- Music
- 15 Oct 07
They’re middle-class Irish boys who aren’t afraid to get their funk on '70s style. Meet Kill City Defectors, Kildare’s answer to Red Hot Chili Peppers.
Pick up Mutiny Sounds, the debut album from Kill City Defectors, and you might mistake them for just another punky guitar band, full of energy but short on ideas. Well, Kill City Defectors have the energy alright, but they also bring a large dose of funk to the party.
Sitting in his local pub in Kildare, singer Iain McDonald agrees that the band may have to start explaining a few things. “That’s the good thing about putting this album out," he says, “we’re having to answer questions that we’d never even thought about. It’s a bit like starting again. Hopefully it will make sense when people listen to us and see us live”.
Mention the words funk and rock together and the image is often horrific, with memories of terrible sub-Chilis bands coming to the fore. Iain is keen to distance himself from the mob.
“We’d consider ourselves more electro with a big fat bass line and thumping bass drum. We listen to stuff like LCD Soundsystem. It’s a good crossover vibe.”.
Listen to their impressive album, though, and you can’t avoid the old cliché ‘there’s always been a dance element to our music’, although the singer is at pains to point out that this isn’t a contrived move.
He says: “A lot of stuff we’d be listening to would have a dance element but the great thing about the band is that we all have such different influences and Kill City Defectors is where those four circles cross. It is what it is, it’s very natural. We’ve got something of everything, even a prog rocker.”
What they do have in common with many of the bands who have taken inspiration from outside of the standard rock scene (including fellow Kildare residents and obvious soul mates Super Extra Bonus Party) is a desire to do things differently, to step outside of what would normally be expected of bands so early in their career.
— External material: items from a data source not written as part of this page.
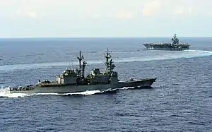 | Propulsion: | 4 × General Electric LM2500 gas turbines, 2 shafts, 80,000 shp (60 MW) |
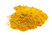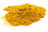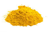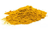 Suchy kurkuma w proszku na białym tle; Curcuma domestica pow
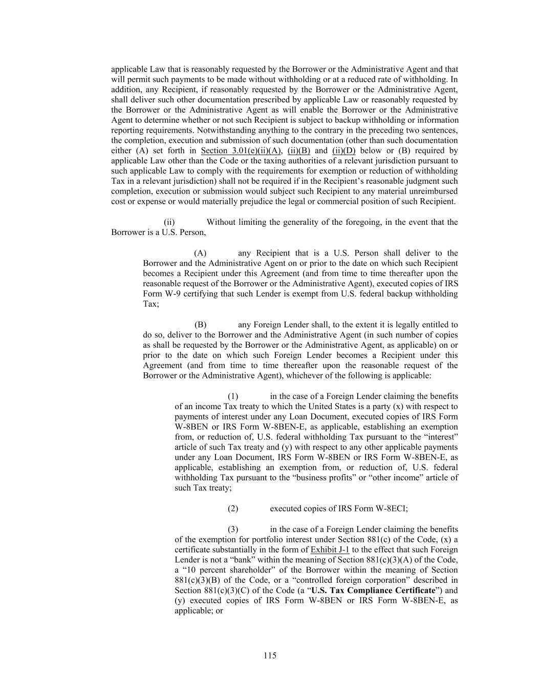 applicable Law that is reasonably requested by the Borrower or the Administrative Agent and that will permit such payments to be made without withholding or at a reduced rate of withholding. In addition, any Recipient, if reasonably requested by the Borrower or the Administrative Agent, shall deliver such other documentation prescribed by applicable Law or reasonably requested by the Borrower or the Administrative Agent as will enable the Borrower or the Administrative Agent to determine whether or not such Recipient is subject to backup withholding or information reporting requirements. Notwithstanding anything to the contrary in the preceding two sentences, the completion, execution and submission of such documentation (other than such documentation either (A) set forth in Section 3.01(e)(ii)(A), (ii) (B) and (ii) (D) below or (B) required by applicable Law other than the Code or the taxing authorities of a relevant jurisdiction pursuant to such applicable Law to comply with the requirements for exemption or reduction of withholding Tax in a relevant jurisdiction) shall not be required if in the Recipient’s reasonable judgment such completion, execution or submission would subject such Recipient to any material unreimbursed cost or expense or would materially prejudice the legal or commercial position of such Recipient. (ii) Without limiting the generality of the foregoing, in the event that the Borrower is a U.S. Person, (A) any Recipient that is a U.S. Person shall deliver to the Borrower and the Administrative Agent on or prior to the date on which such Recipient becomes a Recipient under this Agreement (and from time to time thereafter upon the reasonable request of the Borrower or the Administrative Agent), executed copies of IRS Form W-9 certifying that such Lender is exempt from U.S. federal backup withholding Tax; (B) any Foreign Lender shall, to the extent it is legally entitled to do so, deliver to the Borrower and the Administrative Agent (in such number of copies as shall be requested by the Borrower or the Administrative Agent, as applicable) on or prior to the date on which such Foreign Lender becomes a Recipient under this Agreement (and from time to time thereafter upon the reasonable request of the Borrower or the Administrative Agent), whichever of the following is applicable: (1) in the case of a Foreign Lender claiming the benefits of an income Tax treaty to which the United States is a party (x) with respect to payments of interest under any Loan Document, executed copies of IRS Form W-8BEN or IRS Form W-8BEN-E, as applicable, establishing an exemption from, or reduction of, U.S. federal withholding Tax pursuant to the “interest” article of such Tax treaty and (y) with respect to any other applicable payments under any Loan Document, IRS Form W-8BEN or IRS Form W-8BEN-E, as applicable, establishing an exemption from, or reduction of, U.S. federal withholding Tax pursuant to the “business profits” or “other income” article of such Tax treaty; (2) executed copies of IRS Form W-8ECI; (3) in the case of a Foreign Lender claiming the benefits of the exemption for portfolio interest under Section 881(c) of the Code, (x) a certificate substantially in the form of Exhibit J-1 to the effect that such Foreign Lender is not a “bank” within the meaning of Section 881(c)(3)(A) of the Code, a “10 percent shareholder” of the Borrower within the meaning of Section 881(c)(3)(B) of the Code, or a “controlled foreign corporation” described in Section 881(c)(3)(C) of the Code (a “U.S. Tax Compliance Certificate”) and (y) executed copies of IRS Form W-8BEN or IRS Form W-8BEN-E, as applicable; or 115
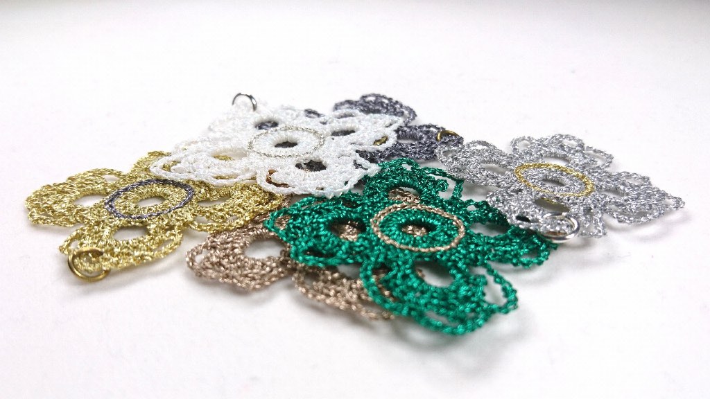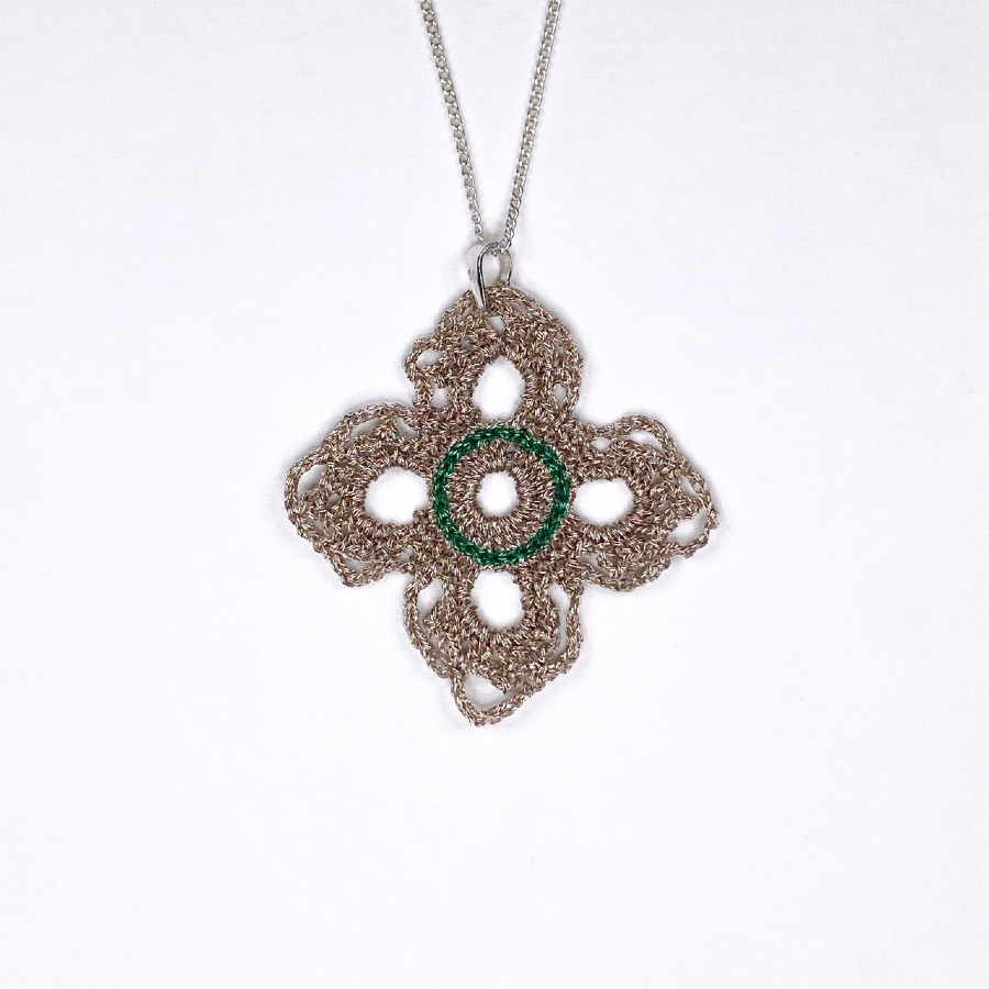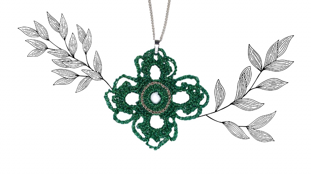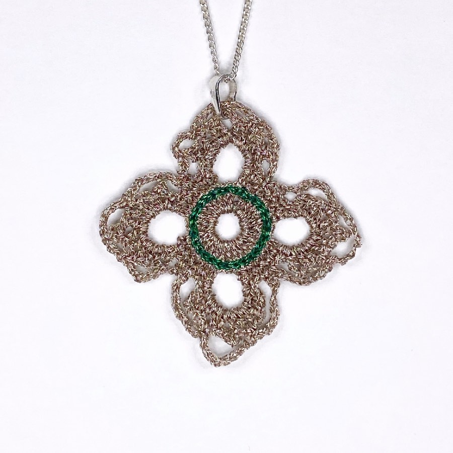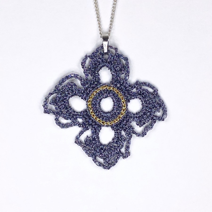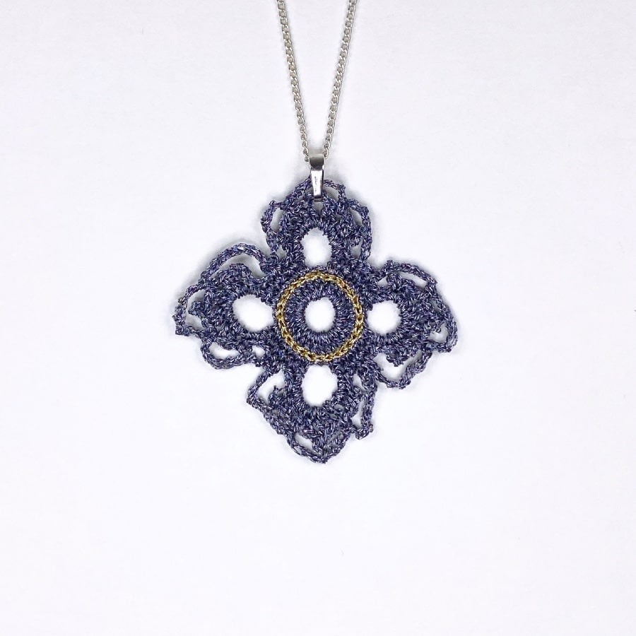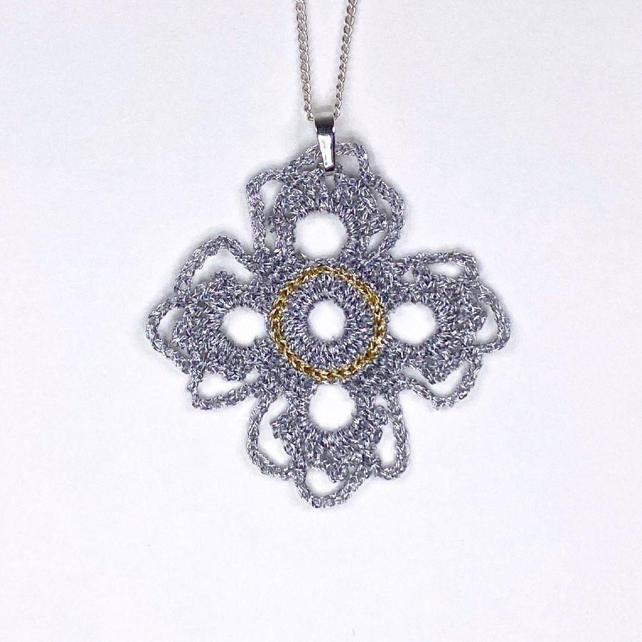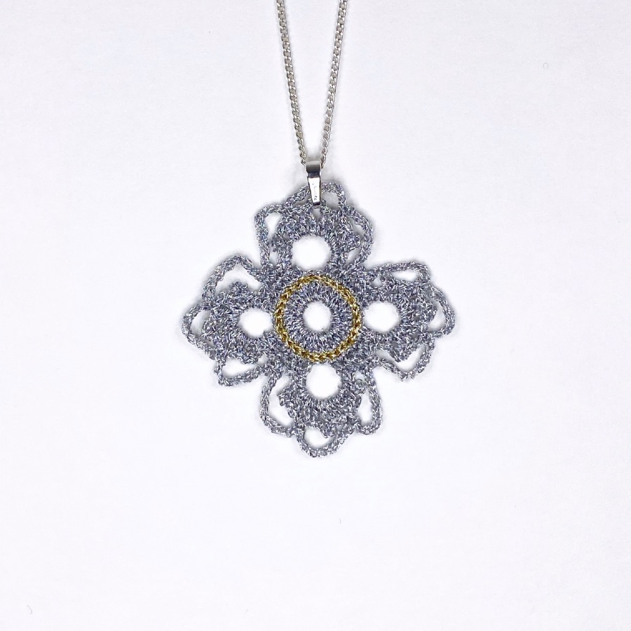 Dans les deux cas, ce pendentif en dentelle au crochet reste moderne par sa géométrie.
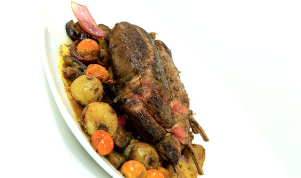 6- ترفع و تقطع شرائح و تقدم مع الخضروات بالهنا
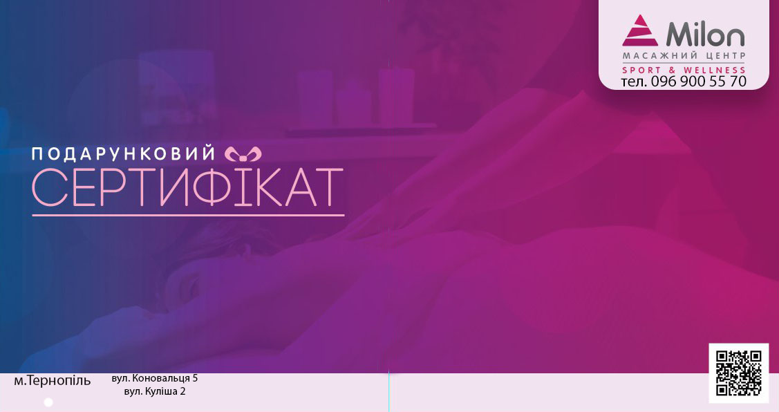 У нас ви можете придбати подарункові сертифікати на наші послуги та потішити ними ваших близьких та знайомих людей, даруючи їм оздоровлення та релаксацію
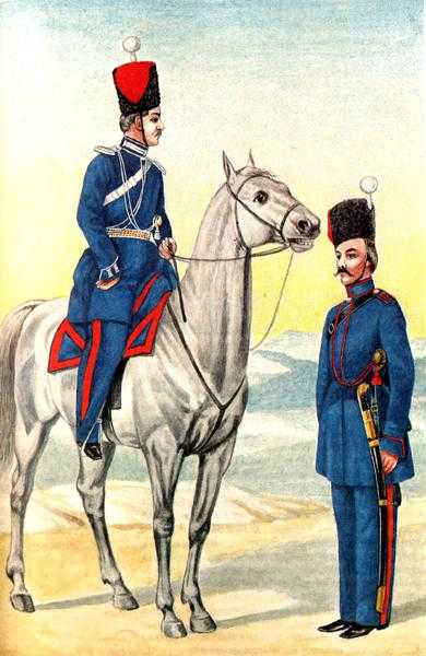 Офицерам — шапки прежней формы, но без этишкетов; патронташи (вместо лядунки) на 20 патронов из черного сафьяна, с такой же крышкой и с перевязью из серебряной тесьмы, без просвета, подложенной, черным сафьяном; пистолеты по образцу офицерских в легкой кавалерии; пистолетные чушки из черного сафьяна; пистолетные шнуры серебряные; верхнюю часть пистолетных чехлов до замка из сукна по цвету воротника, а нижнюю из черного сафьяна; портупеи из серебряной тесьмы, без просвета, подложенные черним сафьяном; шашки (вместо сабель) с рукоятью, гайками, кольцами и наконечниками вызолоченными, в деревянных ножнах, обтянутых черным сафьяном; вальтрапы и подушки на седла по цвету мундира, подбитые черным опойком и обложенные (первые по краям, а последние вокруг по шву) тесьмой, по цвету мундирных кантов, шириной в 3/4 в-ка, длиной на передних углах в 5 1/2, на задних же в 9 в-ков; чемоданы из серого сукна, длиною в 12, а по окружности в 9 в-ков, с кожаным подбоем и с 4 серебряными пуговицами с выпуклым изображением номера полка (рис. 1079, 1080, 1081 и 1082).
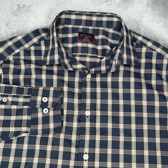 UNTUCKit Shirt Mens Large Blue Tan Red Plaid Lightweight Button Up Slim Fit L
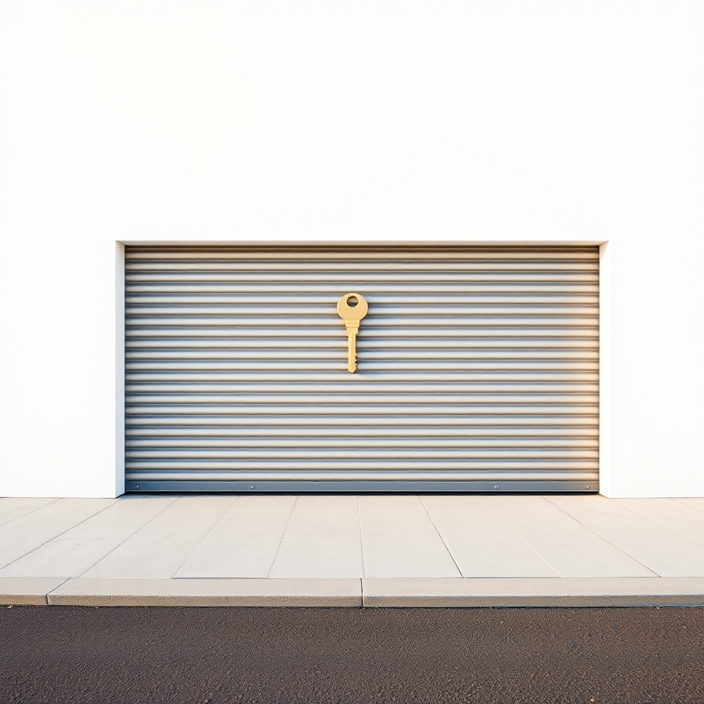 Panel de garaje de acero mate con llave de bronce, fondo blanco y cielo claro; ideal para encontrar un cerrajero de confianza para reparación de garajes en Mataró.
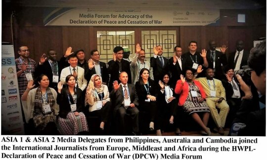 During the Proclamation Ceremony of the Declaration of Peace and Cessation of War, Man Hee Lee, Chairman of HWL said:
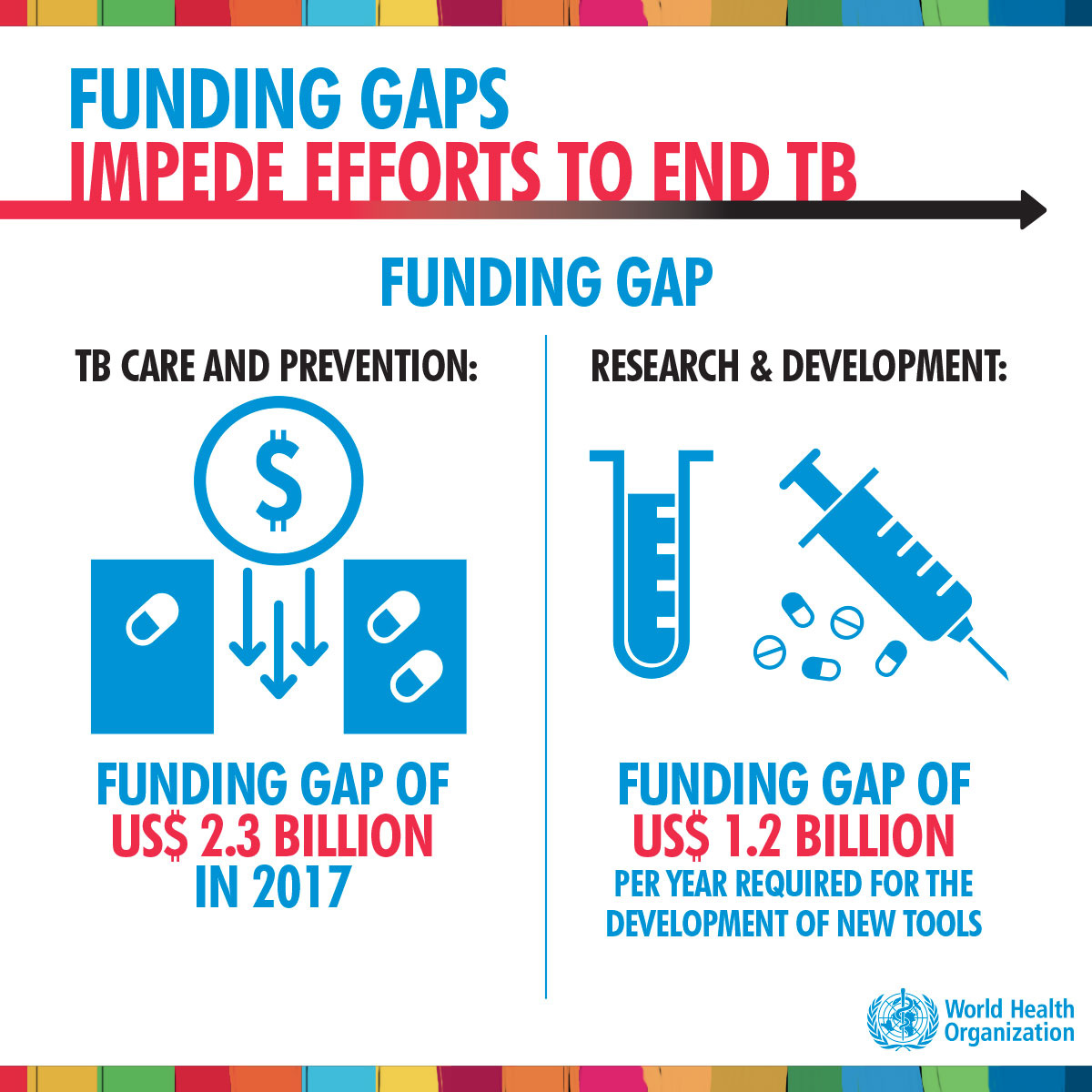 It is depressing that TB continues to suffer from limited financing by high burden countries. For TB care and prevention, investments in low and middle-income countries fall almost US$ 2.3 billion short of the US$ 9.2 billion needed in 2017. In addition, at least an extra US$ 1.2 billion per year is required to accelerate the R&D of new vaccines, diagnostics, and medicines.
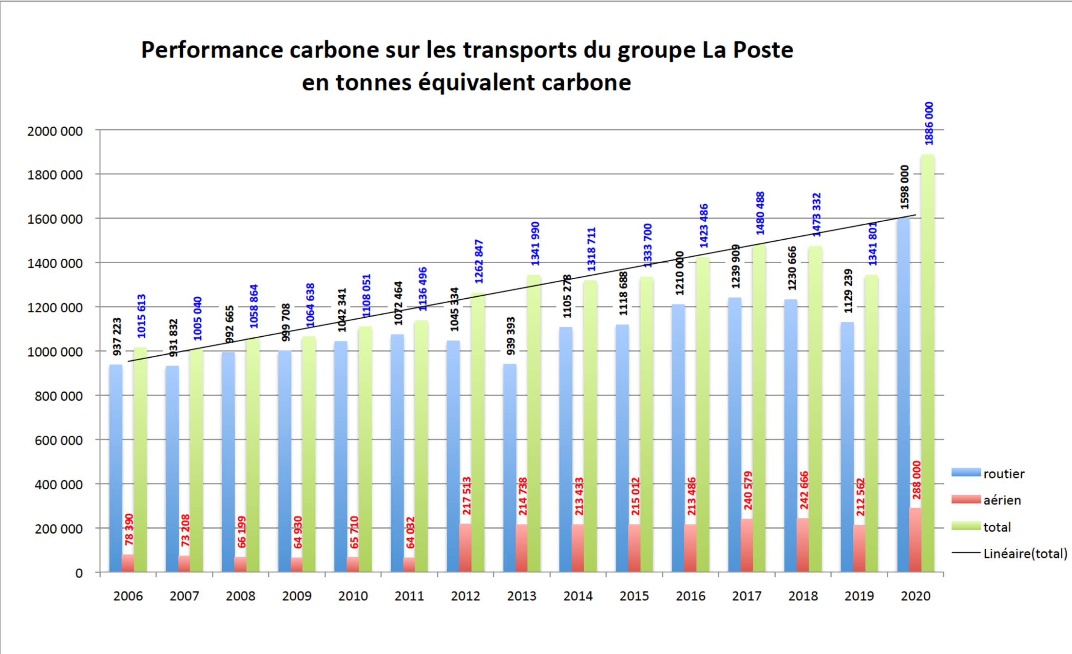 However, the problem is not a one-off as the group's statement seems to suggest. Compiling data from transport emissions for the whole group since 2006 shows that there has been a spectacular 46% increase in the production of CO2 by the group. In other words, over the past 15 years La Poste has been emitting more and more greenhouse gases, contrary to its official objectives and its own statements.

“We’ve found ourselves in some really odd situations along the way,” say McDonald. “We’ve made three videos at this stage, which have got really heavy airplay on Channel 6. For ‘Messed Up’ we were running round a field dressed in white boiler suits getting chased by an orange blob. We found ourselves surrounded by bulls, who didn’t take too kindly to us being there. We’re surrounded by some great, creative people who help us out. We’re not trying to be different; it just engulfs our philosophy about music and everything that goes with it. It’s here we are, we do what just seems right.”